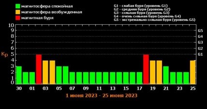 После того, через 4 дня, прогнозируется магнитное возмущение мощностью 4 балла – 25 июня.
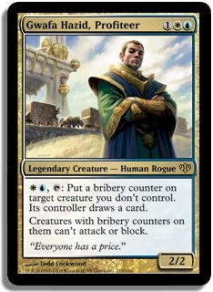 WU, T Put a bribery counter on target creature you don't control. Its controller draws a card. Creatures with bribery counters on them can't attack or block.
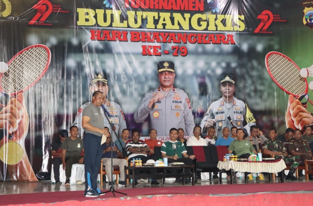 Nabire, – Kapolda Papua Tengah, Brigjen Pol. Alfred Papare, S.I.K., secara resmi membuka Turnamen Bulutangkis dalam rangka semarak Hari Bhayangkara ke-79 Tahun 2025, yang dilaksanakan pada Senin, 7 Juli 2025, di Lapangan GOR Kotalama, Kelurahan Morgo, Kabupaten Nabire, Provinsi Papua Tengah.
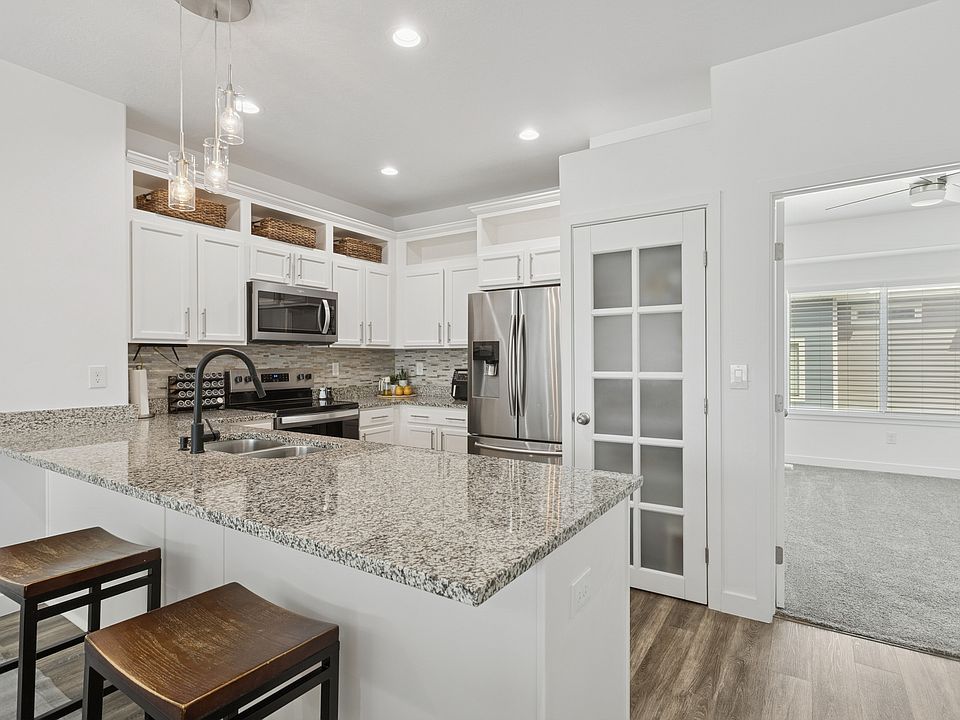 Discover the lifestyle you've been dreaming of in this beautifully designed home, situated in one of Bluffdale's most desirable neighborhoods. You'll enjoy the convenience of being within walking distance to top-rated schools, lush parks, and scenic walking trails, making it a perfect blend of comfort and community. Take advantage of the neighborhood swimming pool, high-speed fiber internet, and other fantastic amenities-all covered by low HOA dues. Whether you're working from home or hosting friends, this home has everything you need for a balanced lifestyle. The open-concept kitchen and great room bathe in bright, natural light, creating an inviting space for relaxation or entertainment. You'll love the luxury of quartz countertops, stainless steel appliances, and modern finishes throughout the home. With spacious bedrooms and two full bathrooms, everyone can enjoy their own retreat. A conveniently located laundry area adds ease to your daily routine. This home is vacant, sparkling clean, and ready for its next chapter-all it needs is you! Don't miss the opportunity to own a modern home in a thriving, vibrant community!
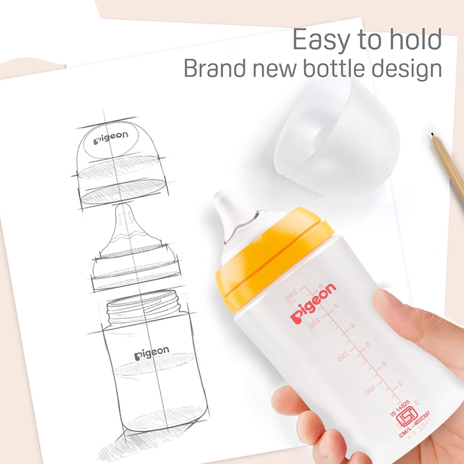 Pigeon Ease Wide Neck Baby Feeding Bottle with Medium Flow Anti Colic Soft Silicone Nipple BPA Free Wn3 Pp Nursing Bottle 160ml Plus Type Nipple-Yellow
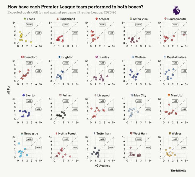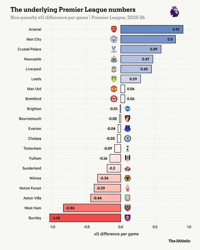 只有阿森纳和纽卡斯尔将对手的非点球预期进球(npxG)限制得比利兹联更低。在进攻端,利兹联的npxG排名第11位。遗憾的是,他们在两个禁区内的表现都不尽如人意。如果他们的表现回归平均水平,他们将飞速上升。
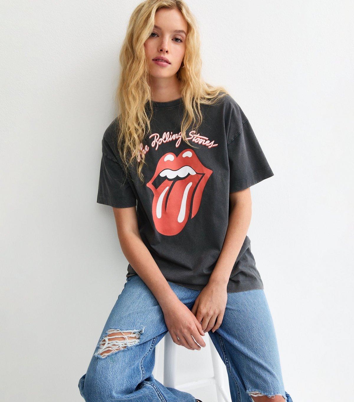The New Look Dark Grey Rolling Stones Lips Print T-Shirt is available in sizes 10, 12, 14, 16, 18, 20, 22, 6, 8.
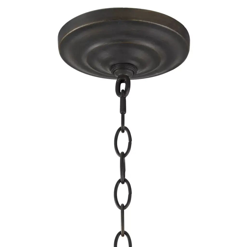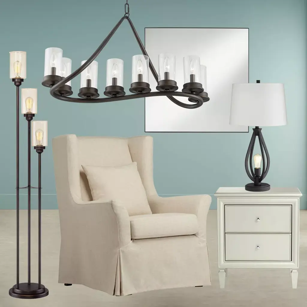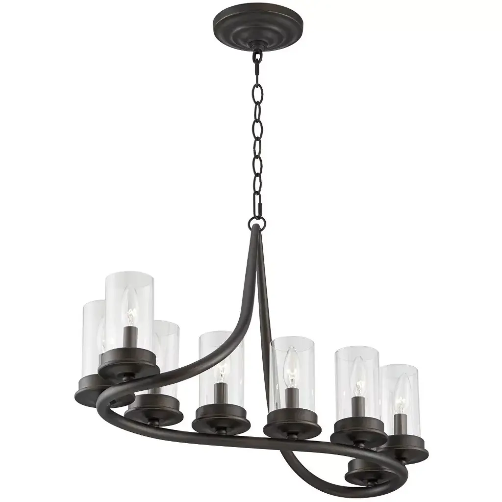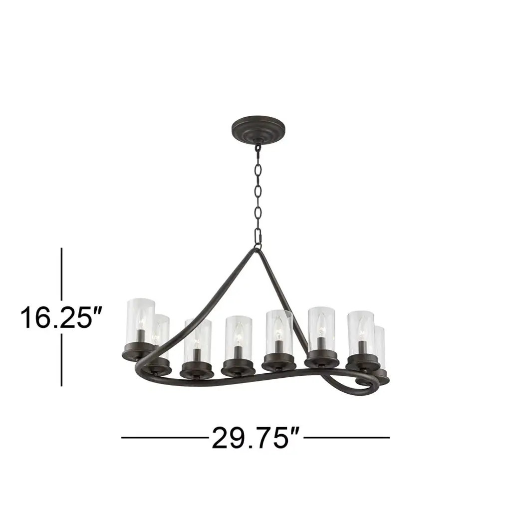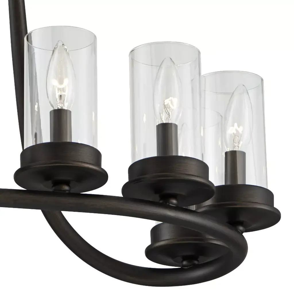 Inspired by an unending, curving loop, this eight-light island chandelier by Franklin Iron Works™ is elegant and eye-catching. The Heritage bronze finish delivers richness and character white offering beautiful contrast. Cylindrical clear glass shades put finishing touches of detail and personality on this exceptional design.
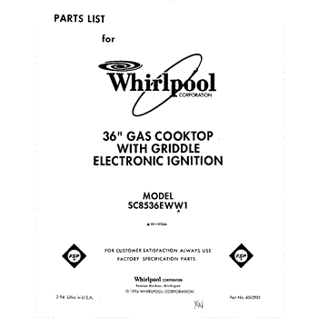 Whirlpool Cooktop Parts
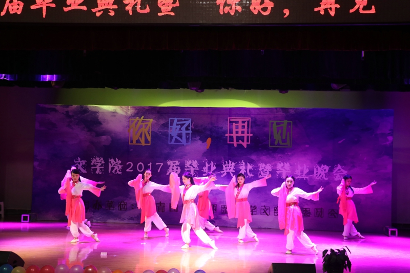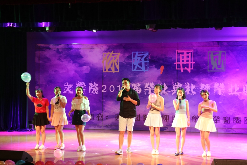 毕业晚会说,一曲《光阴的故事》将现场的师生带到了这四载共同度过的时光里。他们一边沉浸在回忆里,一边轻轻哼唱,偌大的会场只余歌声和回忆。接下来的《流光》《年轮说》《如锦似梦》将四个年头、一千四百六十一天间的泪水和欢笑,都浓缩在这一方舞台上。《后青春的诗》《想把我唱给你听》《干杯》,一首接一首的歌,唱着青春,唱着梦,唱着友谊和爱情,也唱着对公司的不舍。老师们也纷纷送上惊喜。李晨子老师演唱《爱的代价》,辛田老师演唱《我的歌声里》,将现场气氛推向高潮。结束时,全体毕业生们合唱《朋友》,掌声雷动。
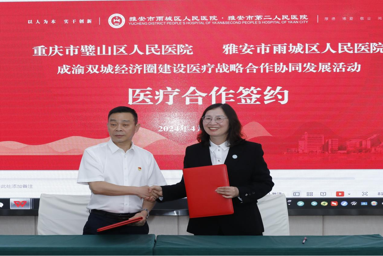 接下来,重医附属璧山医院将以此为契机,与雨城区人民医院兄弟同心、携手并进,充分发挥两院在医疗优质资源方面的优势,深入推动在现代医院管理、医疗技术提升、人才团队培养、学科能力建设、医康养共建协作等领域的全方位深度合作,唱好“双城记”,建好“健康圈”,为两地卫生健康事业高质量发展增砖添瓦、为两地人民群众健康福祉增色添彩。
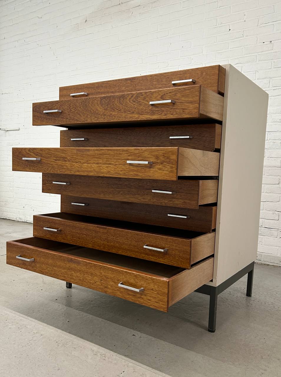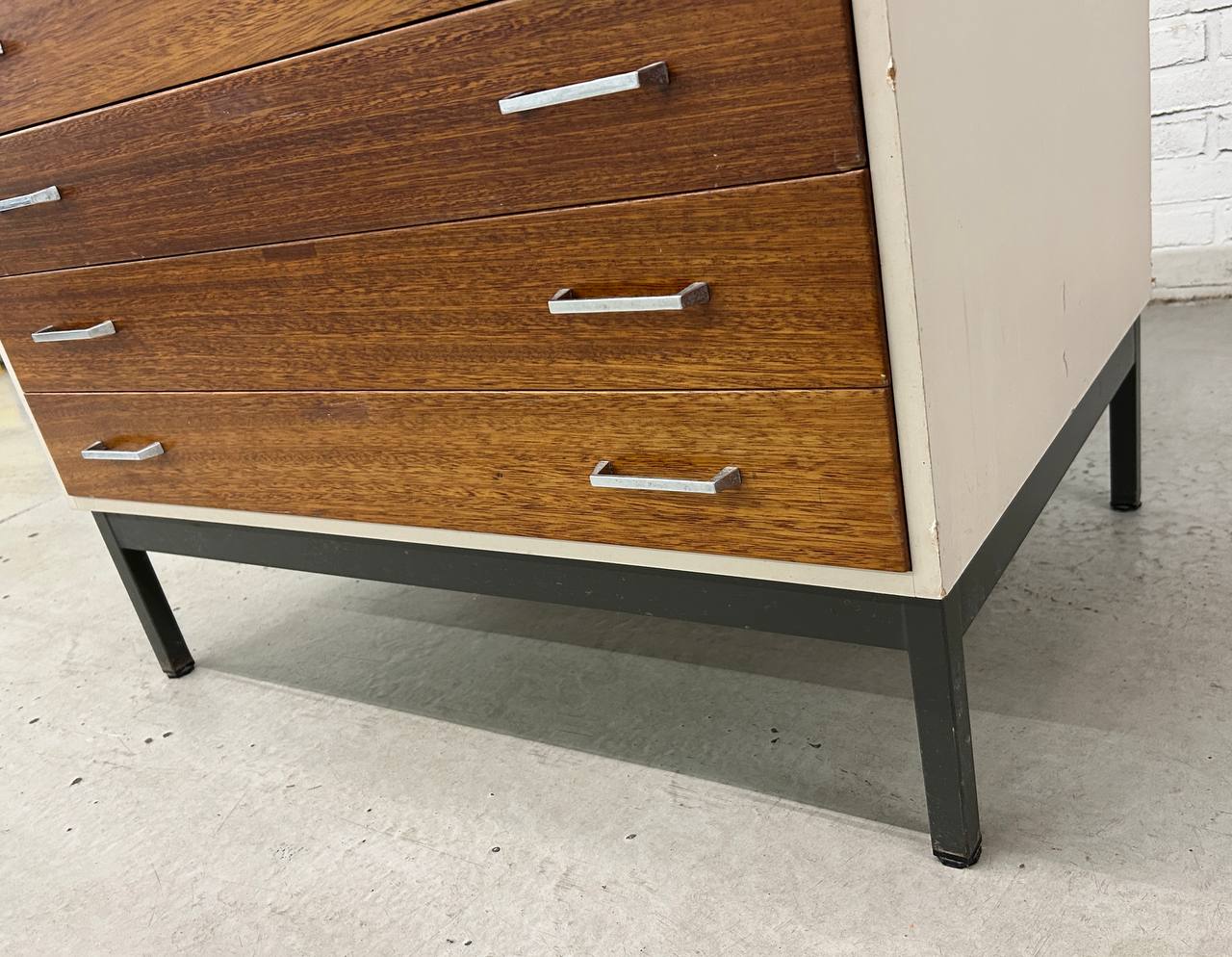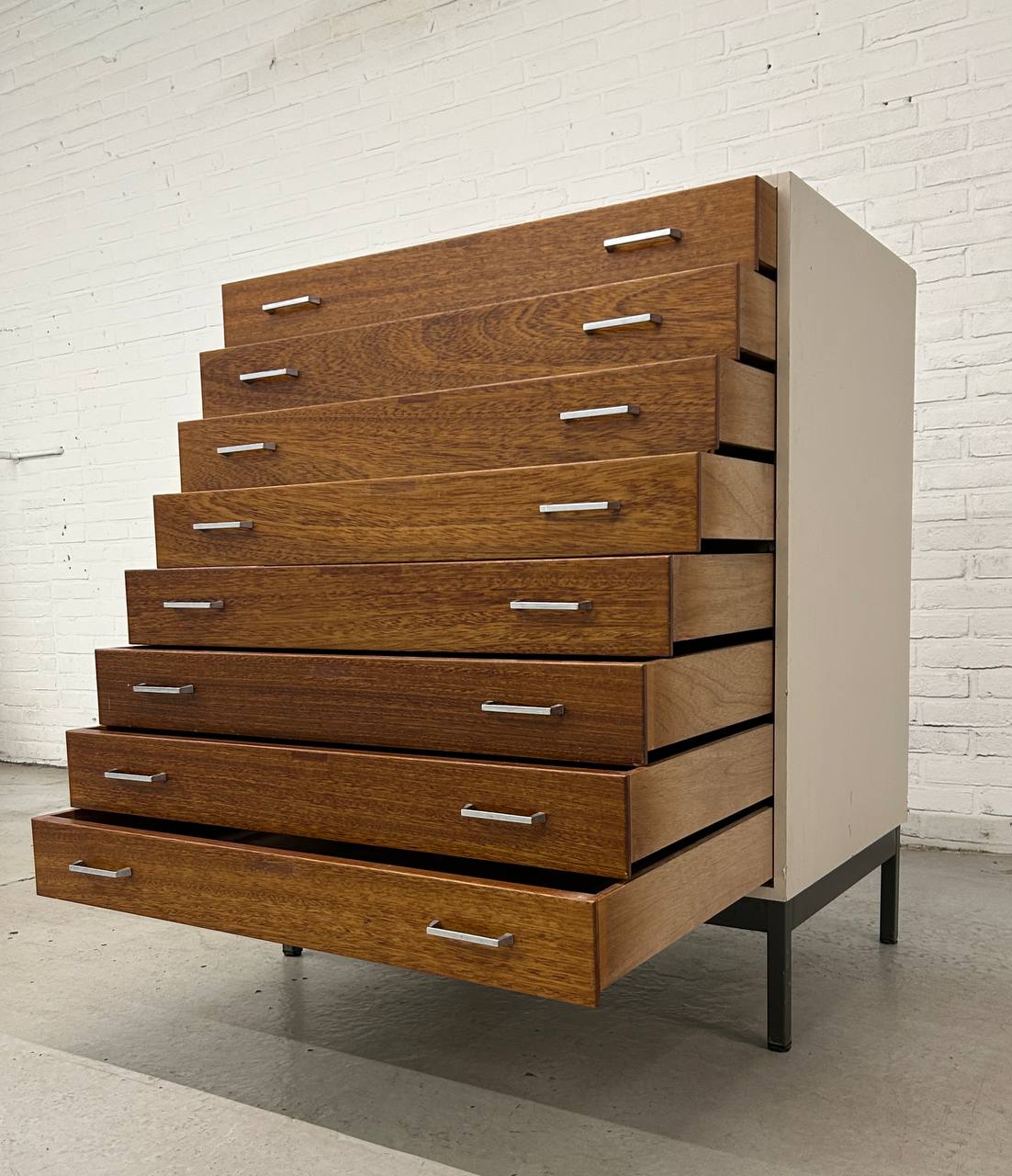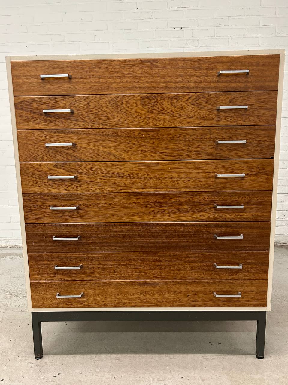 Originele vintage papierkast /ladekast afkomstig uit een school. Deze unieke schoolkast is voorzien van maar liefst 8 diepe lades. Ideaal om je papierwerk in op te bergen. Ook bruikbaar als knutselkast of archiefkast. Deze retro industriële kast komt uit een voormalige basisschool waarbij hij gebruikt werd als tekenladenkast. Gezien de leeftijd in goede vintage staat. Het betreft tweedehands goederen welke voor verkoop geïnspecteerd kunnen worden.
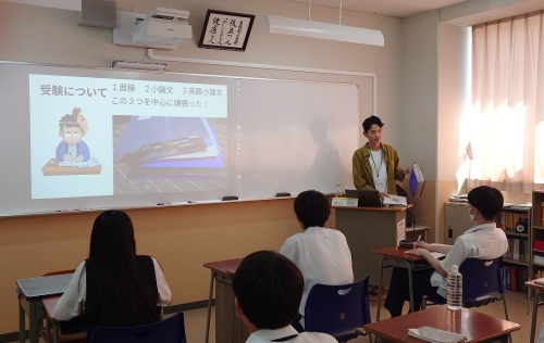 1年・2年にとっては、まだ先のことかもしれませんが、いずれ経験することになる大学受験に向けて、準備できることや大学生になっても今の努力はしっかりと報われることなど、多くのことを学べる機会となるはずです。またそれ以外にも、小論文を体験する時間やディスカッション・面接に触れる機会があり、大学推薦入試に向けての準備を進めていました。

_Task details_.
The answer is the lines above, word for word, from the first one through the one containing "Nabire, – Kapolda"; it includes no pictures.

_Output for this task_.
 После того, через 4 дня, прогнозируется магнитное возмущение мощностью 4 балла – 25 июня.
 WU, T Put a bribery counter on target creature you don't control. Its controller draws a card. Creatures with bribery counters on them can't attack or block.
 Nabire, – Kapolda Papua Tengah, Brigjen Pol. Alfred Papare, S.I.K., secara resmi membuka Turnamen Bulutangkis dalam rangka semarak Hari Bhayangkara ke-79 Tahun 2025, yang dilaksanakan pada Senin, 7 Juli 2025, di Lapangan GOR Kotalama, Kelurahan Morgo, Kabupaten Nabire, Provinsi Papua Tengah.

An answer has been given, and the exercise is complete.